Remembering Wendy Griffin

Wendy Griffin (September 23,1941-February 12, 2021), a longtime member of the SSSR died peacefully at home. Wendy is best known for her research on the Goddess movement and her work in establishing contemporary Pagan studies as its own interdisciplinary field. She published numerous articles and book chapters, and was the editor of Daughter of The Goddess: Studies of Healing, Identity, and Empowerment (AltaMira, 2000). With Chas Clifton she began a Pagan Studies Book Series for Rowman and Littlefield. Working with a number of other scholars she helped to form the Contemporary Pagan Studies section at the American Academy of Religion and served as its first co-chair with Michael York. 
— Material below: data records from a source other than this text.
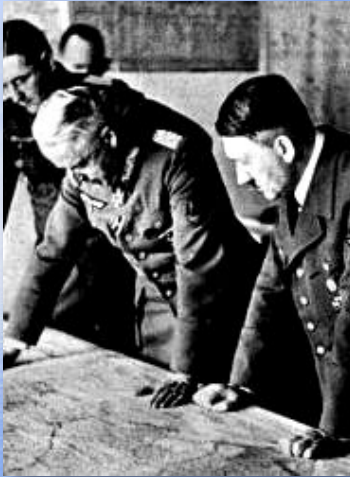
Гитлер и Манштейн у карты.

Победа под Москвой породила у И.Сталина иллюзию о быстром разгроме немецких войск и он поставил задачу в 1942г. начать общее наступление.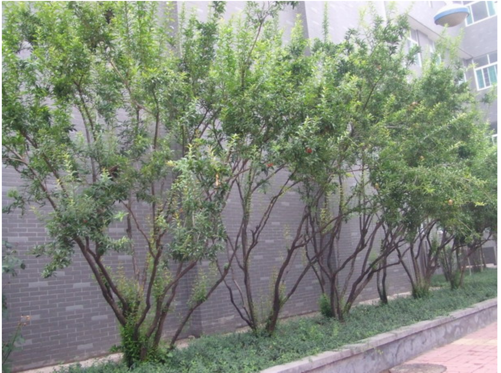
「紅榴白蓮，羅生池砌」之紅色石榴花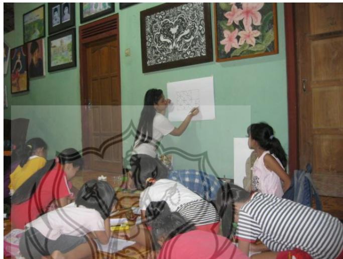
Gambar 1 Mengajar menggambar

menggambar untuk anak-anak SD di rumah dan di masjid serta playgroup di Balai Dusun Mangunan, kegiatan mengajar tersebut penulis lakukan pada paruh waktu. Seringnya berada di lingkungan anak-anak menimbulkan ketertarikan untuk mengamati lebih jauh dunia mereka.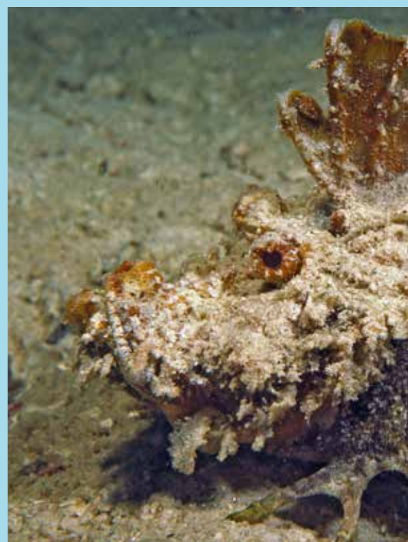
Indian Walkman sipadan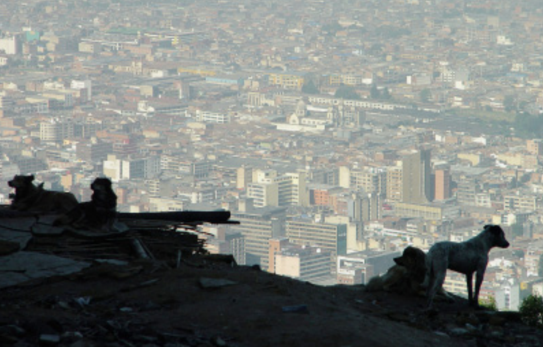
Figura 5. La condición de vida de los perros en la ciudad de Bogotá es complicada, ya que hay una fuerte estigmatización y rechazo hacia ellos.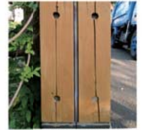
塗り替え後3年経過した状態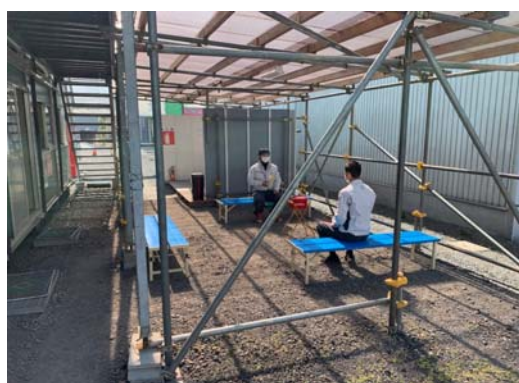
【写真④】休憩場所の工夫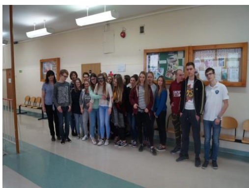
Uczniowie Zespołu Szkół Ponadgimnazjalnych nr 8 w Tomaszowie Mazowieckim

„Dopalaczom mówimy STOP – wybieramy zdrowie” - jest to Wojewódzka Kampania Edukacyjna Państwowego Wojewódzkiego Inspektora Sanitarnego w Łodzi. Celem Kampanii jest obniżenie wśród uczniów tendencji do podejmowania ryzykownych zachowań generowanych przez grupę rówieśniczą, prowadzących do sięgania po różnego rodzaju substancje psychoaktywne. W roku szkolnym 2017/18 w kampanii udział wzięło 13 szkół gimnazjalnych. Podczas realizacji koordynatorzy korzystali z materiałów otrzymanych od organizatorów (plakaty, ulotki, prezentacje, filmy). Dodatkowo wśród uczniów szkół gimnazjalnych były podejmowane dodatkowe działania.

Wendy received her undergraduate and graduate degrees in sociology from the University of California, Irvine. She was a non-traditional student returning after spending over a decade traveling, working in the theater, and singing and playing her guitar in New York and throughout Europe. She returned to college as a single mother supplementing her scholarships writing romance novels. The skills she honed as a novelist were useful when she turned to writing ethnography. She was gifted at catching the atmosphere, smells, and tastes of rituals she attended. After receiving her PhD, Wendy became the first full-time faculty member and later chair of the Women’s Studies Department of California State University, Long Beach. She retired from CSULB as a full professor and became the Academic Dean of the Cherry Hill Seminary, the preeminent Pagan seminary. 

After retiring from Cherry Hill, Wendy returned to novel writing under the name Wendy Lozano. In 2018 she published an historical novel, The Fifth Sun, which was to be the first of a trilogy, about the conquest of the Aztecs. However, a debilitating stroke ended those plans. Wendy is preceded in death by her daughter, Tauka Lozano, who died at the age of 16 in a car crash and is survived by her husband Clay Douglas (Doug) Cox, stepson, Chris Cox, two grandchildren, Charlotte and Collin Douglas Cox and her sister Gay Riseborough.